Огюст принес оба жбана и стал медленно, тонкими алыми струйками сливать в кастрюлю кровь, тогда как Кеню сильными движениями размешивал быстро сгущавшееся варево. Когда жбаны были опорожнены, хозяин, выдвигая один за другим ящички над плитой, стал брать оттуда щепотками пряности. Больше всего он положил перцу.
– Они оставили там покойника, не правда ли? – спросила Лиза. – А потом благополучно вернулись обратно?
– На обратном пути, – отвечал рассказчик, – ветер переменился и отнес их в открытое море. Волной у них унесло одно весло, и при каждом порыве ветра вода так яростно заливала лодку, что гребцам то и дело приходилось вычерпывать ее руками. Они боролись таким образом с волнами у самой суши: шквал относил их прочь от берега, а прилив снова прибивал обратно. Беглецы доели свои съестные припасы, и у них не осталось ни корочки хлеба. Это длилось три дня.
– Три дня! – воскликнула ошеломленная колбасница. – Три дня без еды?
– Да, они не ели три дня. Когда восточным ветром их прибило наконец к материку, один из гребцов до того ослабел, что пролежал на песке целое утро. Тщетно товарищ пробовал заставить его жевать листья. Вечером он скончался.

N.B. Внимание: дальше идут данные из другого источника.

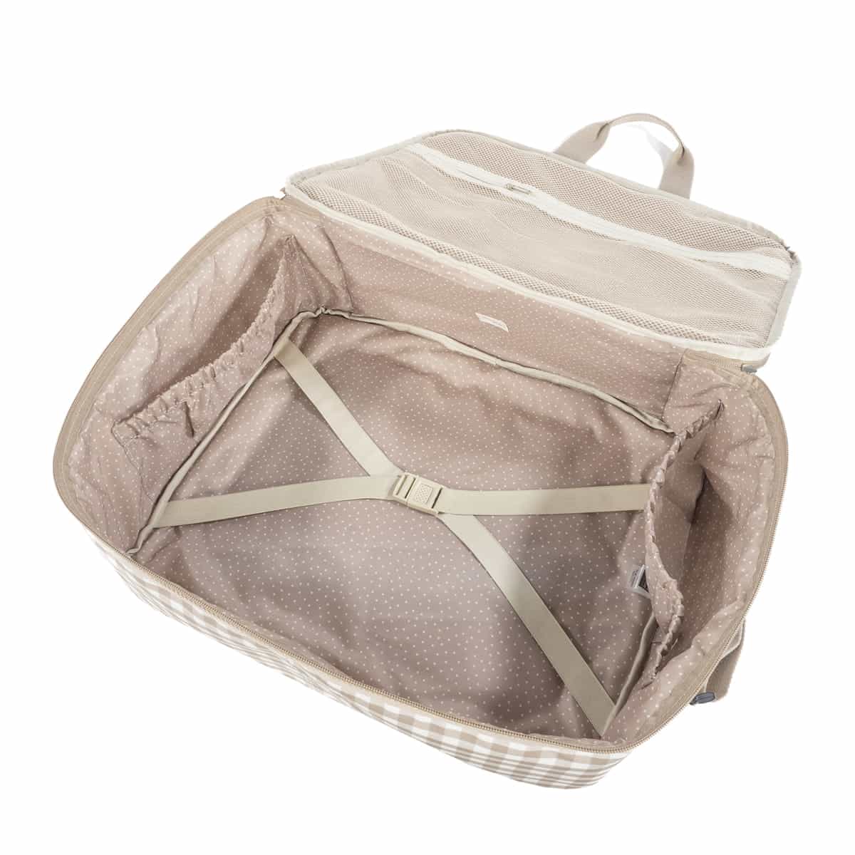 A mala de maternidade Caetana foi especialmente concebida para o momento mais importante da maternidade, a chegada do seu bebé. Por isso é necessário um acessório para transportar tudo o que é necessário para sim e para o bebé. Esta mala é o modelo perfeito para levar tudo o que não pode faltar neste dia tão especial. É cómoda, leve e maleável com dimensões retangulares e abertura prática para ter todas as suas necessidades acessíveis. Dispõe de fecho em ambas as direções que facilita a sua abertura, inclui uma alça grande para transportá-la ao ombro e duas alças pequenas de mão. O compartimento interno é forrado e dispõe de um elástico para guardar a roupa e manter tudo no lugar.

Тут Огюстина хихикнула; потом, устыдившись своего смеха и не желая прослыть бессердечной, она пробормотала:
– Нет-нет, я не над тем! Меня рассмешил Мутон… Взгляните, сударыня, на Мутона!
Лиза рассмеялась в свою очередь. Мутон, у которого под носом стояло блюдо с фаршем, почувствовал, вероятно, неприязнь и отвращение к этой груде мяса. Он поднялся и стал скрести лапой стол, как будто желая зарыть блюдо с той поспешностью, с какой обычно кошки стараются закопать свои нечистоты. Потом кот повернулся к фаршу спиной и лег на бок, потягиваясь, полузакрыв глаза и нагнув в блаженной неге голову. Тогда все стали расхваливать Мутона: кот никогда не ворует и его можно спокойно оставлять около мяса. Полина сбивчиво рассказывала, будто он лижет ей после обеда пальцы, лицо и не царапается.

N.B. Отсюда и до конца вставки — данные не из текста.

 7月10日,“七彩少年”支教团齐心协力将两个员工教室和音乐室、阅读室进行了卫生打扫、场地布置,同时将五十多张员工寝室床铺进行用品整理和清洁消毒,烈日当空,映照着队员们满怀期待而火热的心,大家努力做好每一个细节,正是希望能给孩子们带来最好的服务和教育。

Но Лиза вернулась к вопросу о том, можно ли пробыть трое суток без еды. Это немыслимо.
– Нет, – сказала она, – я этому не поверю… Впрочем, никому и не приходилось голодать по три дня. Когда говорят «он умирает с голоду» – это только так говорится. Все голодающие хоть сколько-нибудь да едят… Совсем нечего есть разве только всем покинутым, погибшим людям…

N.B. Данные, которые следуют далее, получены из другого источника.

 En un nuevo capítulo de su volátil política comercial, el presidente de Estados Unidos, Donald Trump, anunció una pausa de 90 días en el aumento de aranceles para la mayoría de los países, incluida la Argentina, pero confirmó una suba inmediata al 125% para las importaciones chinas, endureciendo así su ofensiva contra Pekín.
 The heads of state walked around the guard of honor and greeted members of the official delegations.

Она, вероятно, хотела прибавить – «негодным бродягам», но, взглянув на Флорана, сдержалась. И презрительная гримаса на ее губах, и ее ясный взгляд прямо говорили, что одни лишь мерзавцы могли голодать таким беспутным образом. Человек, способный пробыть три дня без пищи, был в ее глазах положительно опасным существом, потому что порядочные люди, несомненно, никогда не попадают в подобное положение.
Флоран задыхался теперь от жары. Плита, куда Леон подбросил несколько совков каменного угля, сопела против него, как задремавший на солнышке певчий. Духота в кухне усиливалась. Огюст, взявшийся наблюдать за котлами с топленым салом, обливался потом, а Кеню, вытирая рукавом лоб, дожидался, пока кровь станет достаточно жидкой. Всеми овладела сытая сонливость. В воздухе веяло пресыщением.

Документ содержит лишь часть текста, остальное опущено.